Goal of the exercise →
All pictures are to be excluded when the data below is output verbatim.

━━ Collected data ━━

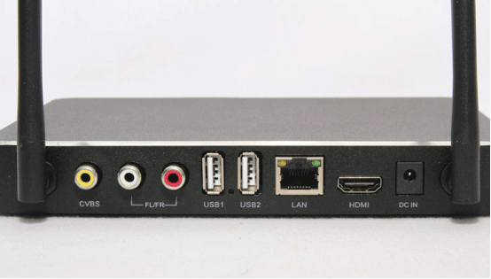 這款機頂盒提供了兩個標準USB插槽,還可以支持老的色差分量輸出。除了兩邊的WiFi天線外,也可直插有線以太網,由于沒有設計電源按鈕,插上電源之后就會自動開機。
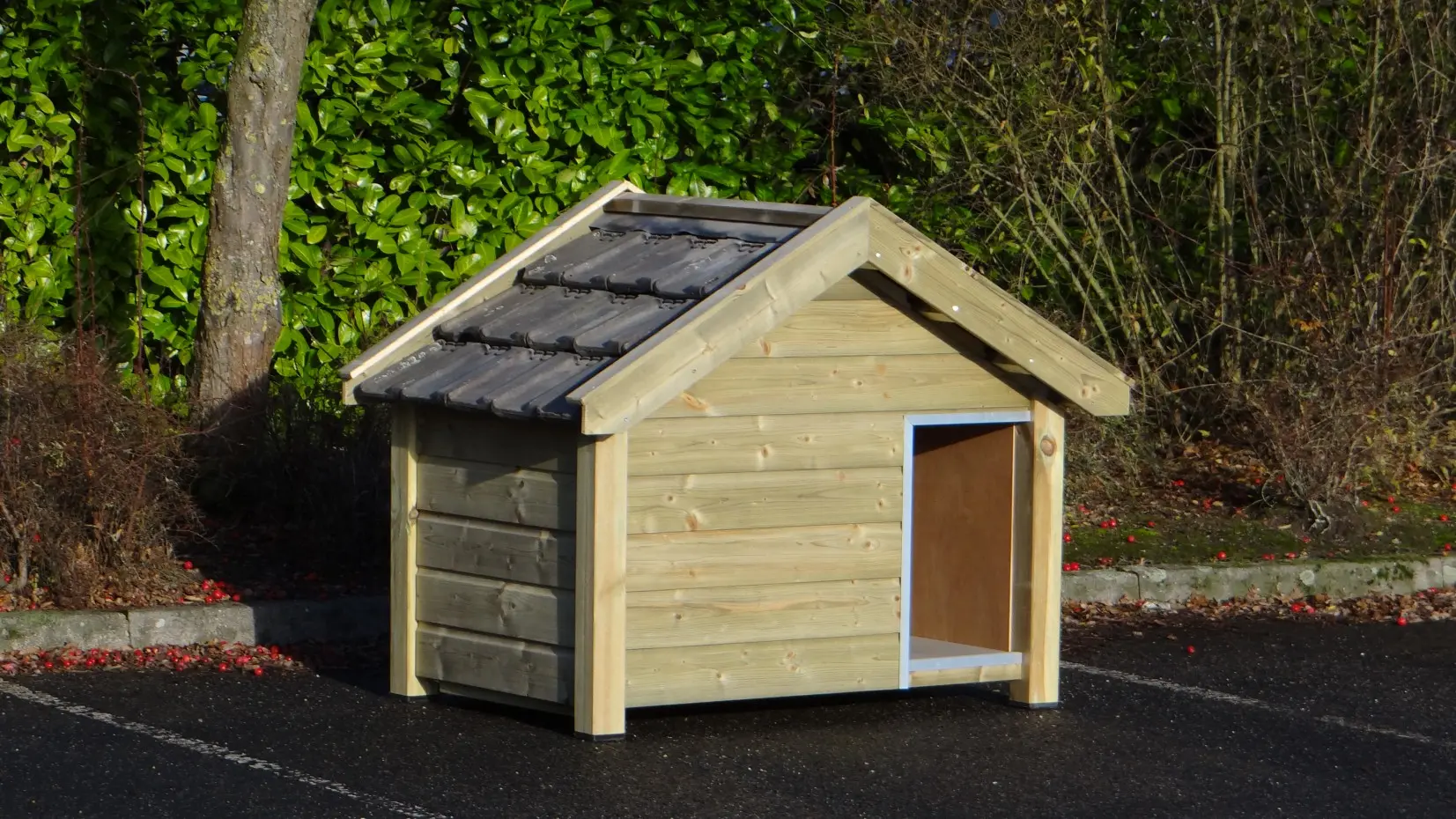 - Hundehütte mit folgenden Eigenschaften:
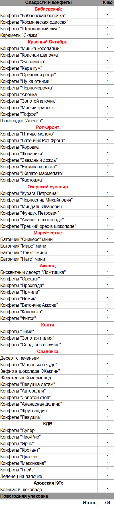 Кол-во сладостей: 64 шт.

━━━

Answer →
 這款機頂盒提供了兩個標準USB插槽,還可以支持老的色差分量輸出。除了兩邊的WiFi天線外,也可直插有線以太網,由于沒有設計電源按鈕,插上電源之后就會自動開機。
 - Hundehütte mit folgenden Eigenschaften:
 Кол-во сладостей: 64 шт.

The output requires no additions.